Multi-Level Composite Stochastic Optimization via Nested Variance Reduction
This work addresses optimization challenges in machine learning and operations research by improving efficiency for complex composite functions, representing an incremental advance over prior methods.
The paper tackles multi-level composite stochastic optimization problems by proposing a normalized proximal approximate gradient method with nested variance reduction, achieving a total sample complexity of O(ε^{-3}) for expectation cases and O(N + √N ε^{-2}) for finite-sum cases, with polynomial dependence on composition levels instead of exponential.

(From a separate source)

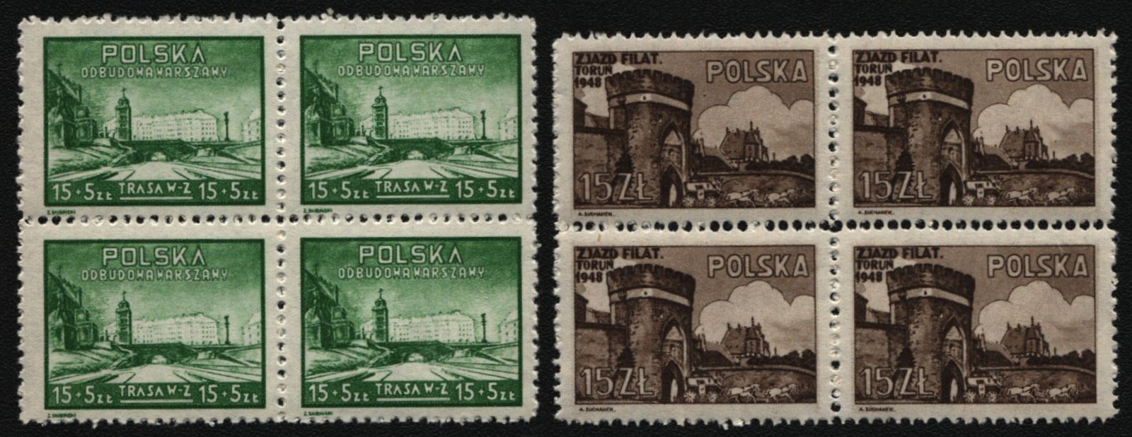 Einige Polnische Briefmarken-Ausgaben der Nachkriegsjahren sind meist auf minderwertigem Papier gedruckt.

We consider multi-level composite optimization problems where each mapping in the composition is the expectation over a family of random smooth mappings or the sum of some finite number of smooth mappings. We present a normalized proximal approximate gradient (NPAG) method where the approximate gradients are obtained via nested stochastic variance reduction. In order to find an approximate stationary point where the expected norm of its gradient mapping is less than $ε$, the total sample complexity of our method is $O(ε^{-3})$ in the expectation case, and $O(N+\sqrt{N}ε^{-2})$ in the finite-sum case where $N$ is the total number of functions across all composition levels. In addition, the dependence of our total sample complexity on the number of composition levels is polynomial, rather than exponential as in previous work.